* Problem to solve *
Repeat the data in full and exactly. Leave the pictures out.

* Data block *

******************************

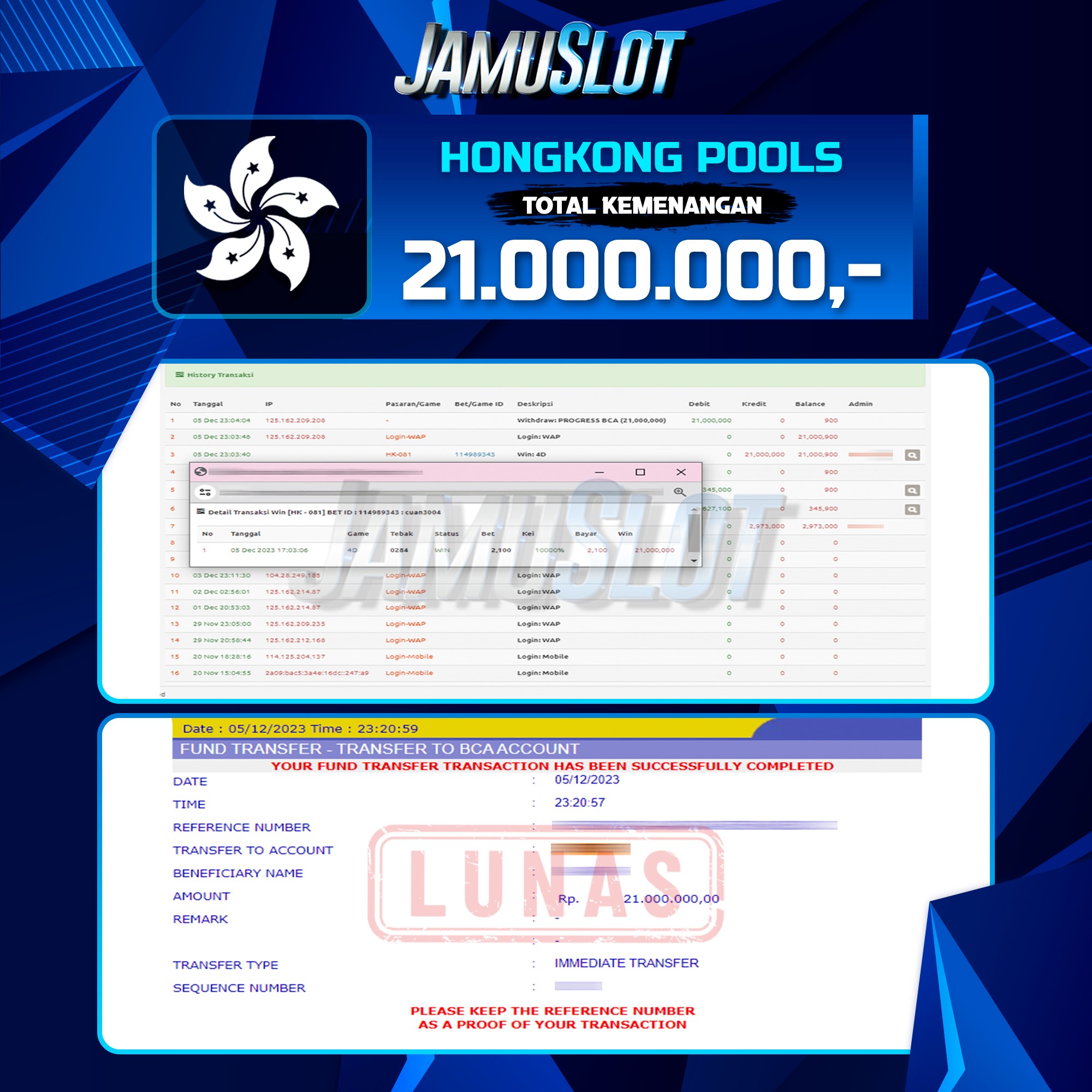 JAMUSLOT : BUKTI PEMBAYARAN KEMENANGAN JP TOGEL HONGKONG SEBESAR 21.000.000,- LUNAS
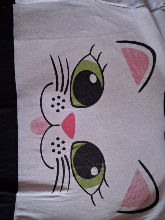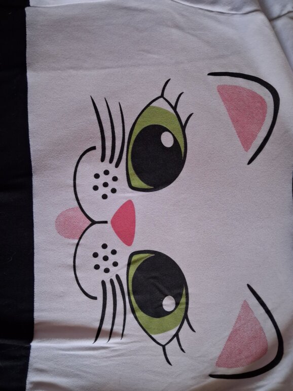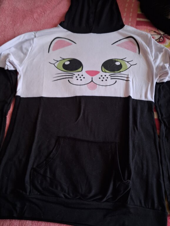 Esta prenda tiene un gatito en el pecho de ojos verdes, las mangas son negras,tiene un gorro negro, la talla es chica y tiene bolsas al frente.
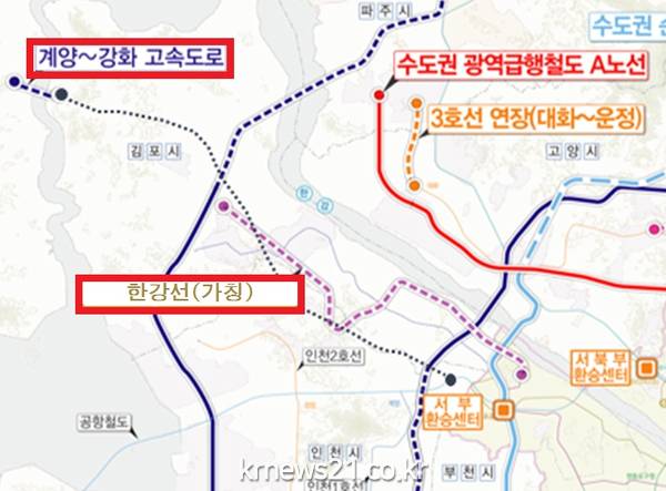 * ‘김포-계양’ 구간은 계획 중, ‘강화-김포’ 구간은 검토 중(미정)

******************************

* Solved problem *
 JAMUSLOT : BUKTI PEMBAYARAN KEMENANGAN JP TOGEL HONGKONG SEBESAR 21.000.000,- LUNAS
 Esta prenda tiene un gatito en el pecho de ojos verdes, las mangas son negras,tiene un gorro negro, la talla es chica y tiene bolsas al frente.
 * ‘김포-계양’ 구간은 계획 중, ‘강화-김포’ 구간은 검토 중(미정)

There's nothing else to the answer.